Hey guys, I have got an offer for 2 Hamilton Reefstar 400 watt SE MH pendents with 12k sunburst bulbs about a month old.

Now I was thinking of getting rid of my * 48" 260 watt Power Compac lighting (4-65 watt) 21" Straight Pin bulbs with led lunar lights. and get both of these and suspend them from the ceiling?

800/75=10.6W/gal

or

660/75=8.8W/gal

Or should I buy one of them and keep my light kit?

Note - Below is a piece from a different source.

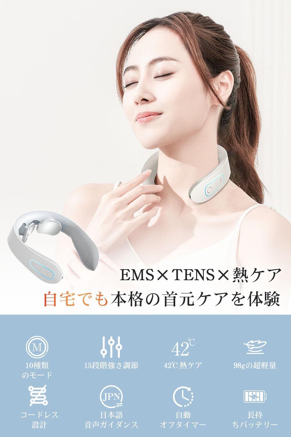 【理学療法士監修】 ネックケア 首 リラクゼーション器 熱ケア x EMS&TENSのW効果 首元リフレッシュ 軽量 小型 USB充電式 コードレス 音声ガイダンス付 10種モード 15段階強度調節 プレゼント ギフト 贈り物にもピッタリ 新登場 日本語説明書 (ホワイト)

or get rid of mine and only have one Hamilton 400 W

400/75=5.3W/Gal

Thank You


----------



## conger (Feb 2, 2008)

having both over your tank won't be too much light, I've heard of people having 12-15 W/gal over their tanks. The one thing that comes to mind to me, is the lack of actinics in this setup if you go with the MH lamps only. That's purely a cosmetic/looks thing, but it's something to think about. Maybe a way around it would be to change out the bulbs with 14000K or 20000K bulbs, for a bluer look (but won't be the same as actinics, which really make the corals' colors "pop").

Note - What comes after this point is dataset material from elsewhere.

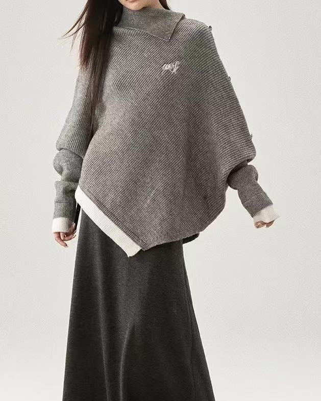 CRUSHPEACH HIGHLY RECOMMEND Exquisite Wool-Blend Batwing-Sleeve Color-Block Sweater

I don't think you should only put a single lamp over your tank. MH doesn't spread out laterally very well, so a single lamp over your tank would create a very bright spot under the light, and not much off to the sides. Having two lamps over the 4' tank would help keep the whole thing lit. Go with both MH, or none.


----------



## princesuhaib (Apr 1, 2009)

So do the 800/75=10.6W/gal?

Even if i Get a reflector and place it way above the tank?


----------



## Kellsindell (Sep 15, 2008)

I agree. You'll need actinics, but everything else should be fine. If you go with 14,000k it'll be closer to a blue color, but it'll get rid of some of you need for actinics. If you chose not to go with actinics, then you'll see you get a more dull coloration then someone else with the same corals.

reflectors would be great because they would increase the amount of PAR you'll get. they don't have to be high up, but it'll keep the reflectors from being dirty.


----------



## princesuhaib (Apr 1, 2009)

Hmm if it was your tank what would you do? Out of the options I am faced with?


----------



## Kellsindell (Sep 15, 2008)

Personally... I'd go for it. I love SPS and would have no issues with any SPS growth and maintanence.


----------



## princesuhaib (Apr 1, 2009)

Kellsindell said:


> Personally... I'd go for it. I love SPS and would have no issues with any SPS growth and maintanence.


you would go with getting both? or get 1 and keep my original or just getting 1?


----------



## Kellsindell (Sep 15, 2008)

Both and get rid of PC's


----------



## princesuhaib (Apr 1, 2009)

perfect and thank you


----------